1. A preparation method of mesenchymal stem cells derived from early-stage developmental mesoderm is characterized by comprising the following steps: the method comprises the following steps:

step A: cleaning, extracting the umbilical cord, cleaning the umbilical cord with distilled water, and wiping with sterilized sponge;

and B: carrying out enzymolysis, taking out the umbilical cord, crushing, and carrying out enzymolysis by using collagenase with the concentration of 1% for 7 hours;

and C: filtering, namely bringing distilled water with 5 times of volume into the umbilical cord enzymolysis liquid, primarily filtering by using a screen, and then pouring into a differential separator for further filtering;

step D: primary culture, inoculating the filtered umbilical cord cells into a serum-free basal medium for culture, and preparing a novel culture solution by a cloning suspension method for in vitro amplification culture till the third generation;

step E: subculturing, replacing a serum-free culture medium, adding a serum-free nutrient additive into the serum-free culture medium, and periodically replacing the culture medium until cell clusters are generated;

step F: inducing differentiation, extracting the third generation cells, and inoculating the cells onto a differentiation medium by using a plate marking method for culture;

step G: and (4) performing cryopreservation on the prepared cells.

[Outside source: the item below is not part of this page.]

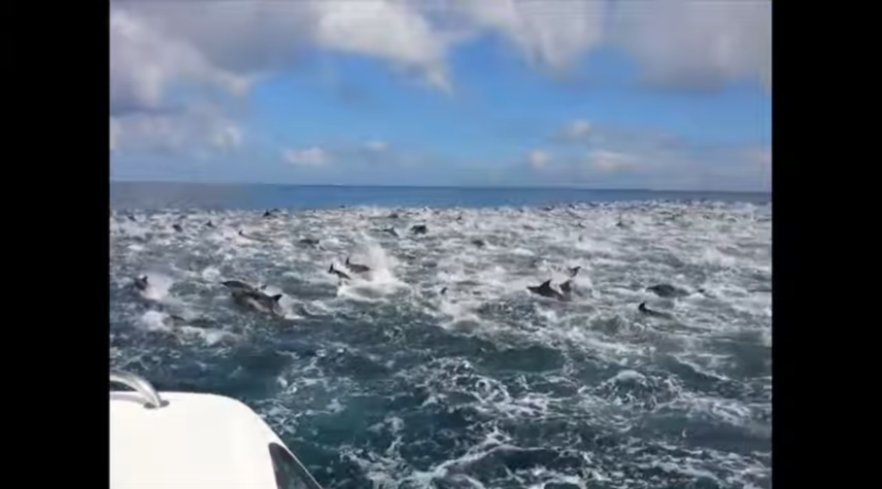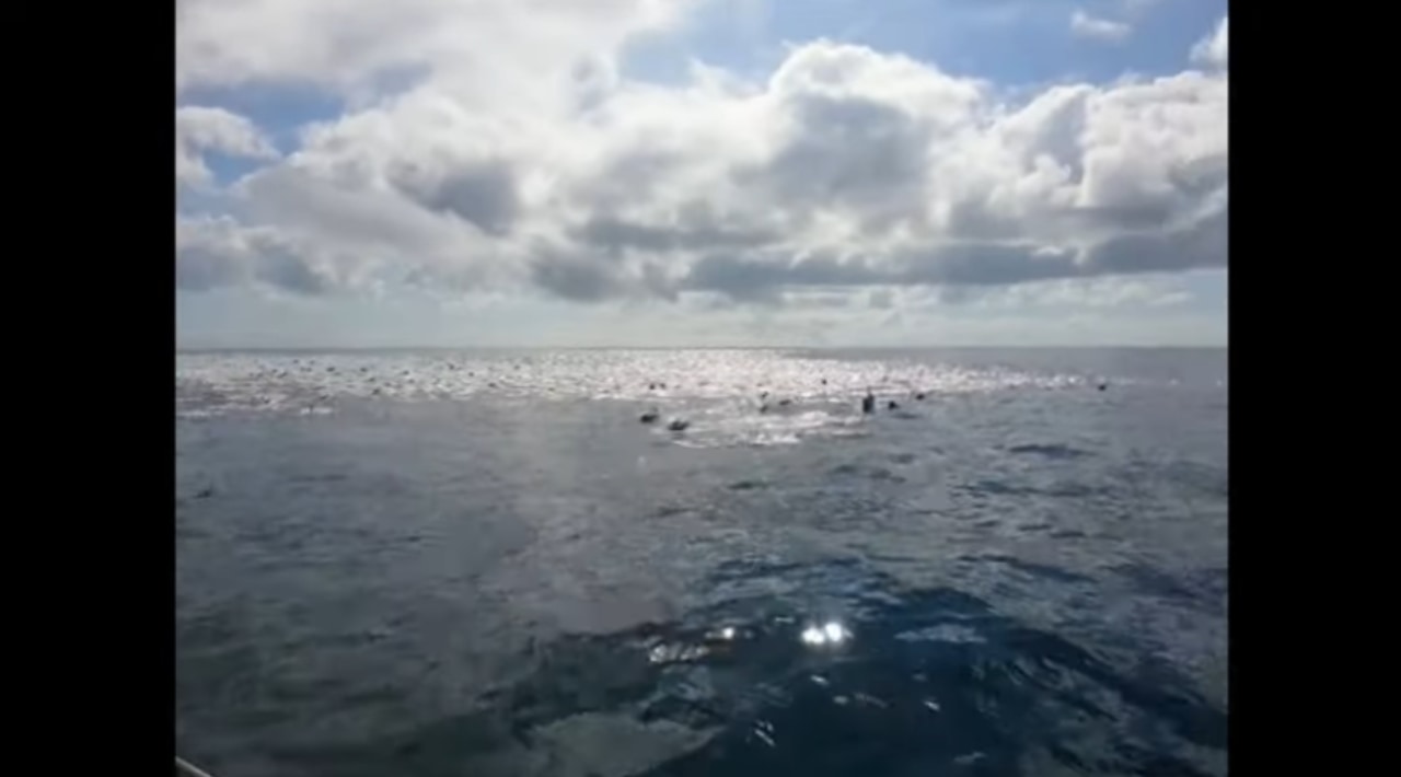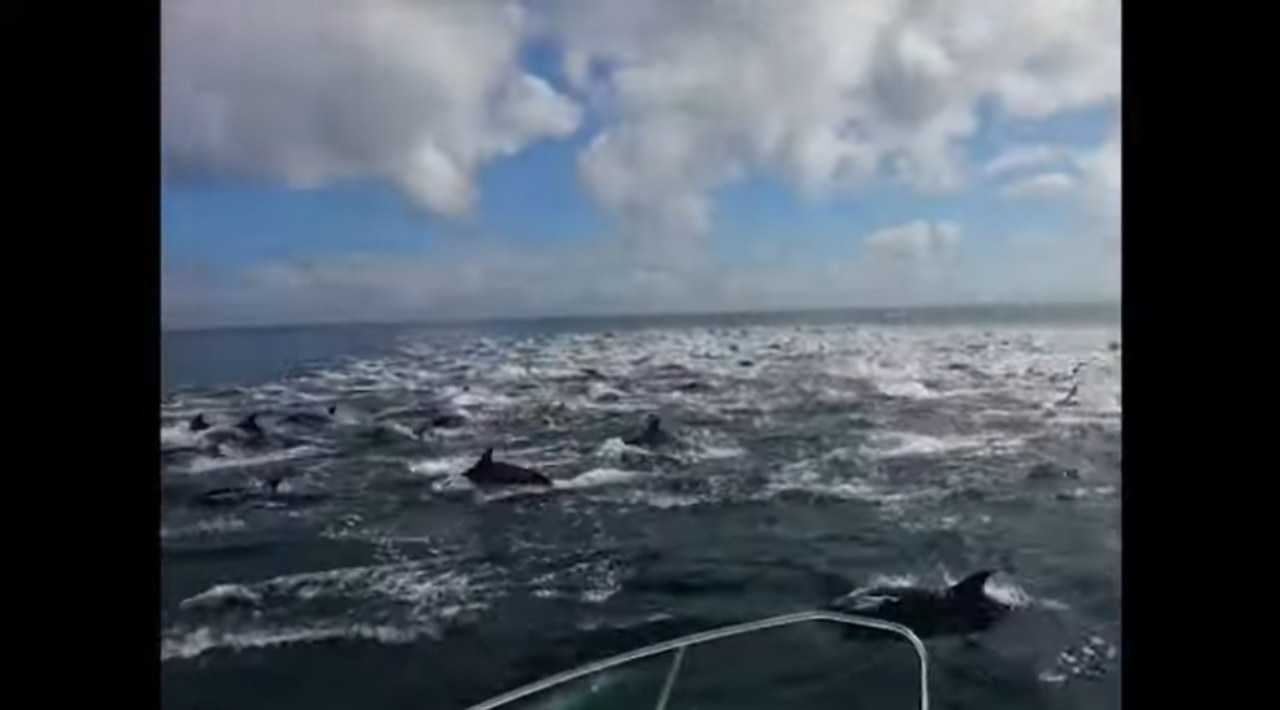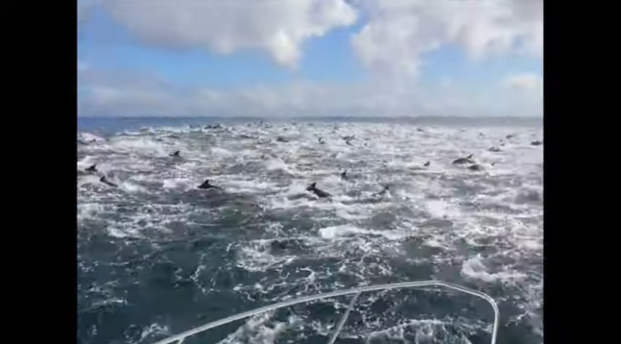 南アフリカ・ストロイスバーイで開催された深海釣りツアーの参加者は、ラッキーなことに船から野生のイルカを目撃。しかも、信じられないほどの超大群だったのです。

2. The method of claim 1, wherein the mesenchymal stem cell is derived from early-stage mesoderm development, and the method comprises: in the step A, the selected umbilical cord is cut into small pieces before enzymolysis, and the small pieces are placed into a heat-preservation tank for refrigeration, wherein the refrigeration duration is 2-6 months.

3. The method of claim 1, wherein the mesenchymal stem cell is derived from early-stage mesoderm development, and the method comprises: in the step D, a clone suspension method is adopted in the in-vitro amplification culture process of the stem cells, namely, an equal amount of cell suspension is added into each hole of each culture plate, the cells are mechanically separated and cloned again after the formation of neurospheres to prepare single cell suspension, the subculture size of the cloned neural stem cells is 200 m, the culture solution is DMEM/F12(1:1) and B27 and bFGF serum-free culture medium, and when the primary culture cells are fused to 85%, 0.25% trypsin is adopted to digest the cells for 30min at 37 ℃.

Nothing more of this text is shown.